The Red Garden

Written by Alice Hoffman
Review by Jeanne Greene

Each tale in The Red Garden, a running story of residents of a small New England village, begins with someone coming to town or someone leaving. For 300 years, ordinary people find themselves in Blackwell, Massachusetts, and stay on, or leave, as if by chance – or magic.

In 1750, the first settlers, lost and starving, hunker down to wait for death, but one young woman has the will to survive. Hallie Brady ventures out to search for food but finds far more – a unique connection to man and beast. When tragedy follows Hallie to the new settlement, turning her garden red with blood, she returns to the wilds alone.

The tales that follow build on ones before, not necessarily along family lines. Years pass, three centuries, measured in births and deaths. Each successive personality, vividly brought to life, reflects the prevailing social environment, in mostly subtle ways. Language evolves to keeps up with the changing world. An American town emerges, shaped by individuals and forces largely unknown to current residents. Connections to past generations, mostly invisible, are buried in time.

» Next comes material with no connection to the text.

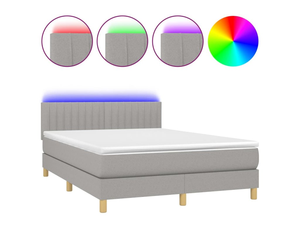 vidaXL Posteľ boxsping s matracom a LED bledosivá 140x190 cm látka

The site of the original Brady garden now lies in the center of town. Anything planted there grows tinged with red. When all attempts to explain the phenomenon fail, there’s nothing left to do but what people always do – shrug and say, “It’s always been that way.”

The Red Garden is recommended to readers who enjoy, in addition to beautiful prose, magical realism and different narrators over time. If this is not to your taste, read the 1999 success, Here on Earth, or see the author’s varied backlist. Alice Hoffman is an author not to be missed.